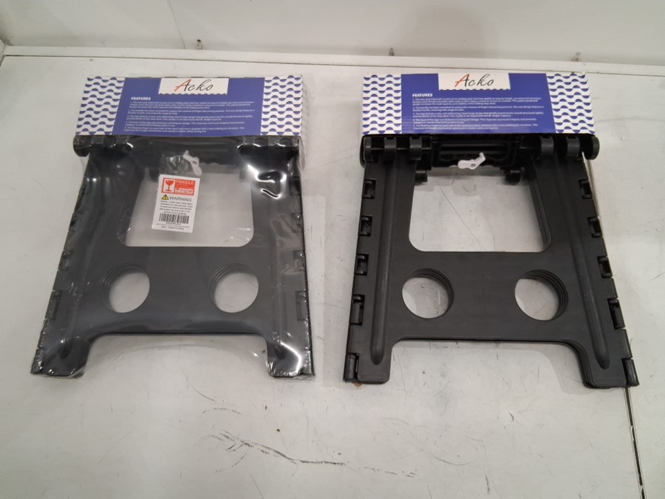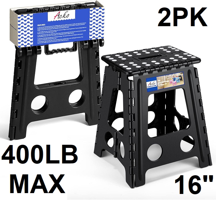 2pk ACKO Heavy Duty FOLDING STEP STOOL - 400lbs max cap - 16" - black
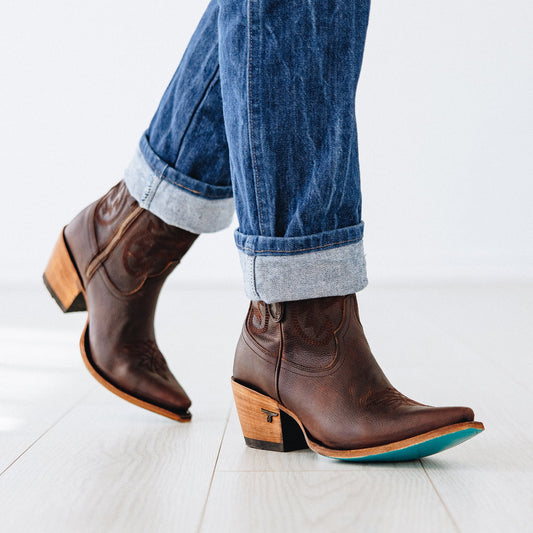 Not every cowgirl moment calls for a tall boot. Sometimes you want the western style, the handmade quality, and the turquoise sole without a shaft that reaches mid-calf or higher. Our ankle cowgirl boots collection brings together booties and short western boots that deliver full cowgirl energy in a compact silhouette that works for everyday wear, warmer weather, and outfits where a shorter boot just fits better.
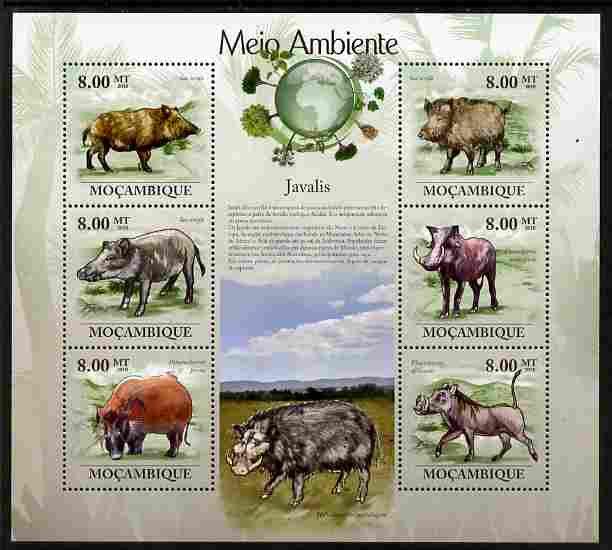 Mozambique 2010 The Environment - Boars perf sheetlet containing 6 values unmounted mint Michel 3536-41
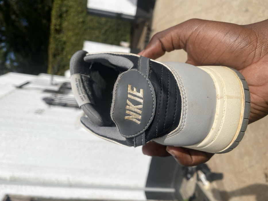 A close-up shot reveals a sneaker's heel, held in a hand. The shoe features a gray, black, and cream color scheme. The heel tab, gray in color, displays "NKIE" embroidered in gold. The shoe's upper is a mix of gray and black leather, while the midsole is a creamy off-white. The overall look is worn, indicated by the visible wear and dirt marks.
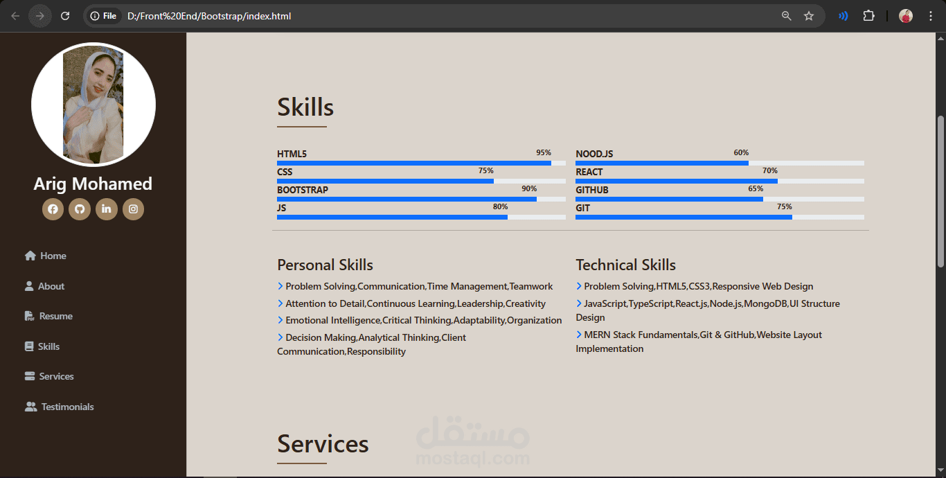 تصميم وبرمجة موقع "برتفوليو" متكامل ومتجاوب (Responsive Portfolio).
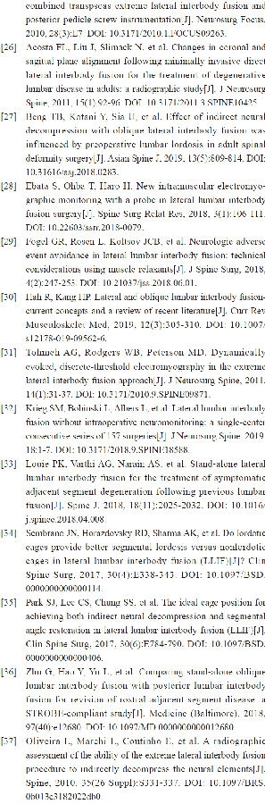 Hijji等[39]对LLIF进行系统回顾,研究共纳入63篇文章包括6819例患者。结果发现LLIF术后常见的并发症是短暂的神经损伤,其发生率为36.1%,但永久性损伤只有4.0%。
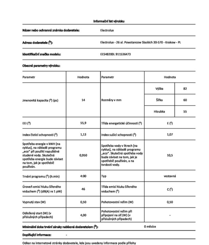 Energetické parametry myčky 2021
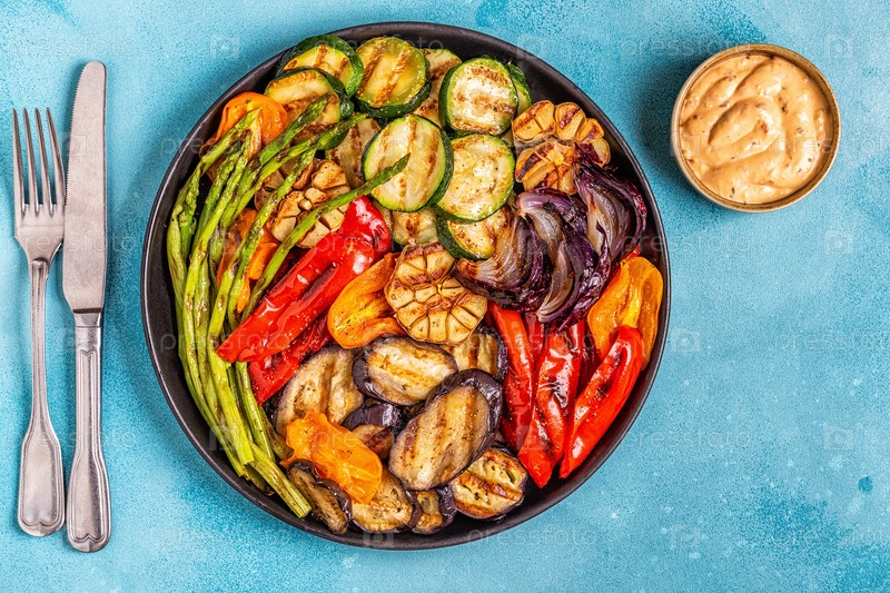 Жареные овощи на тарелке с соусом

...

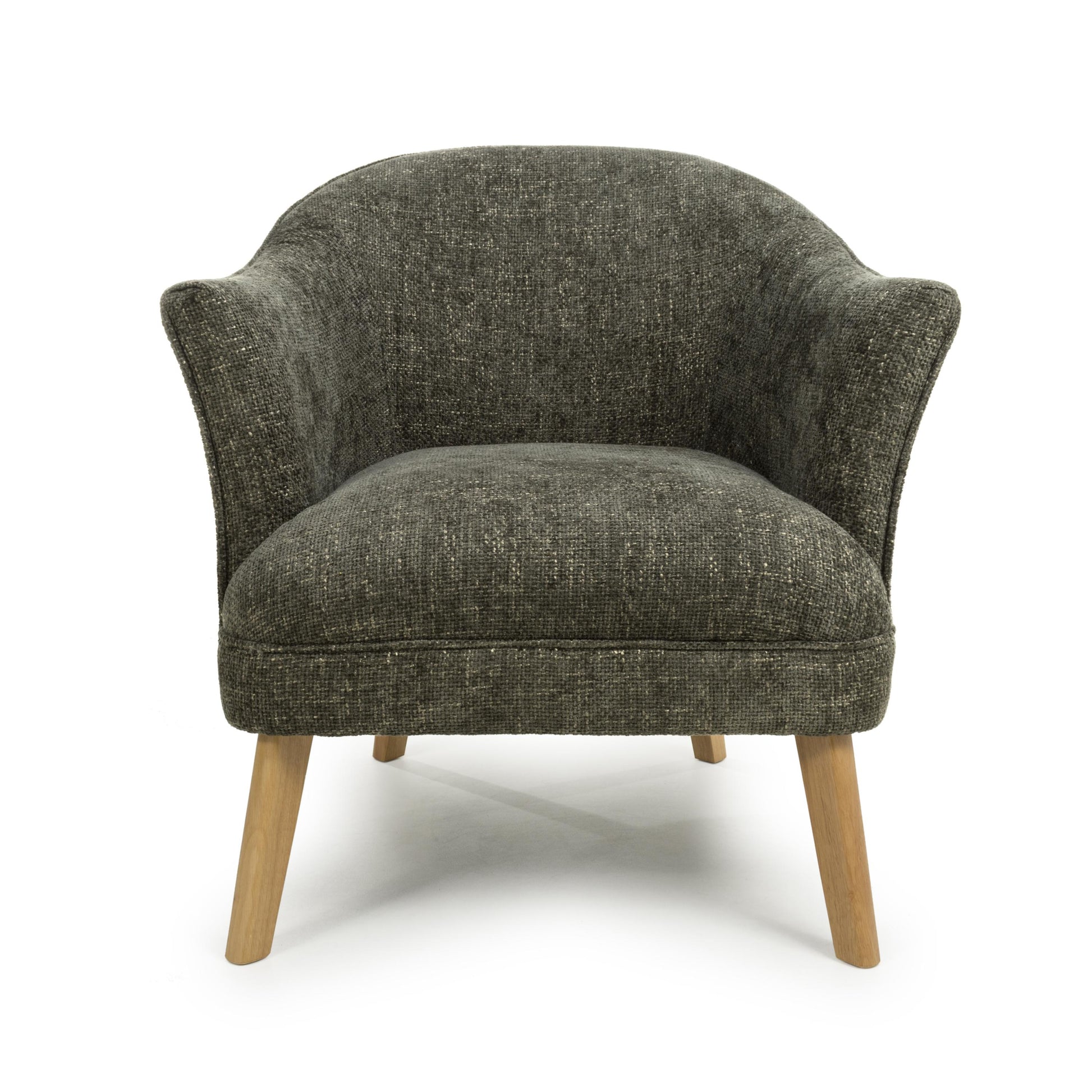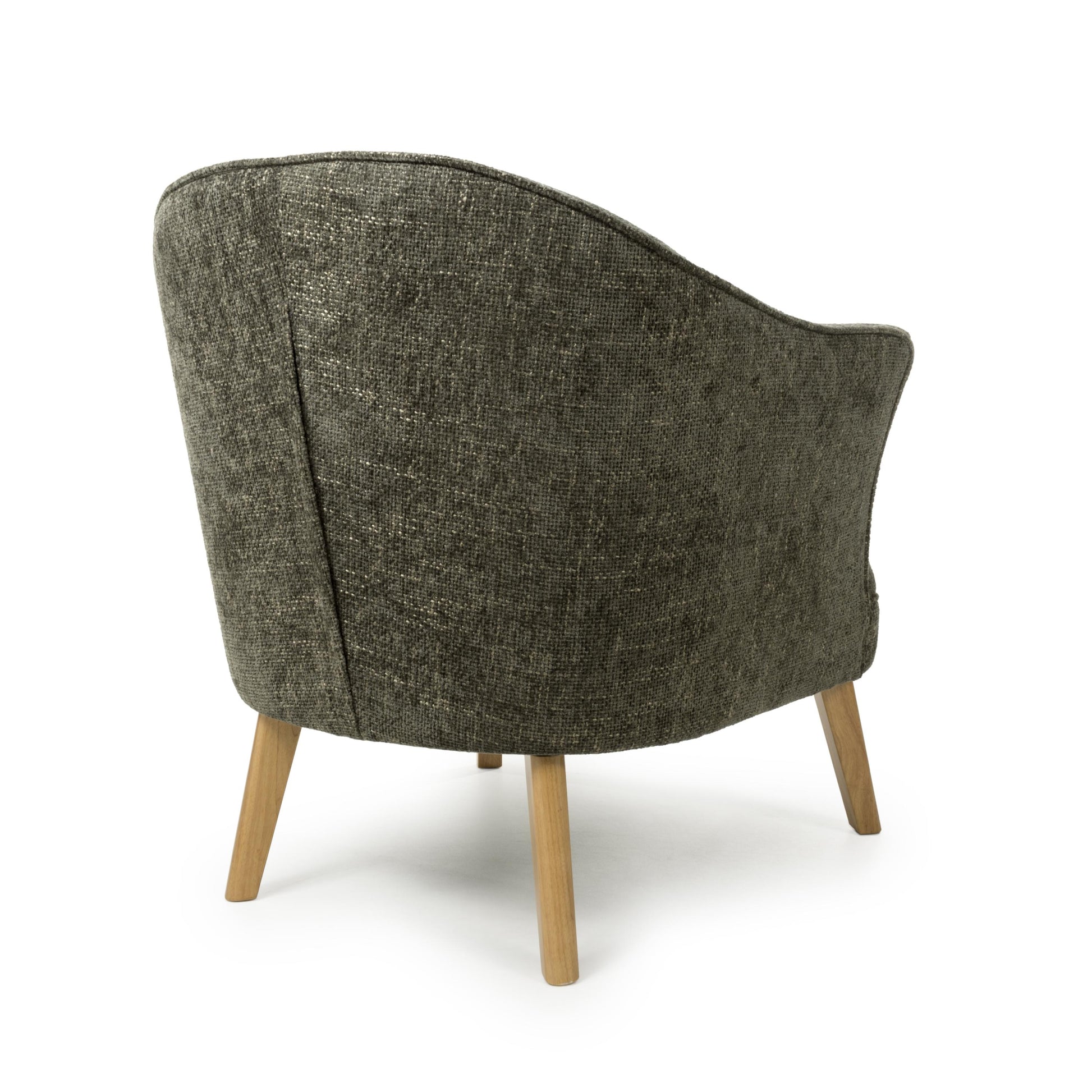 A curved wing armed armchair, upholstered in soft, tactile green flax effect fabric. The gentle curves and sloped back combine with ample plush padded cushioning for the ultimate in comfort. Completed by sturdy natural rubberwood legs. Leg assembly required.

[WHAT IS EXPECTED] Copy out the listing above from the line containing "تصميم وبرمجة موقع" to the line containing "Жареные овощи на тарелке с соусом", both included, exactly as written and minus the images.

[RESPONSE TO THE TASK]
 تصميم وبرمجة موقع "برتفوليو" متكامل ومتجاوب (Responsive Portfolio).
 Hijji等[39]对LLIF进行系统回顾,研究共纳入63篇文章包括6819例患者。结果发现LLIF术后常见的并发症是短暂的神经损伤,其发生率为36.1%,但永久性损伤只有4.0%。
 Energetické parametry myčky 2021
 Жареные овощи на тарелке с соусом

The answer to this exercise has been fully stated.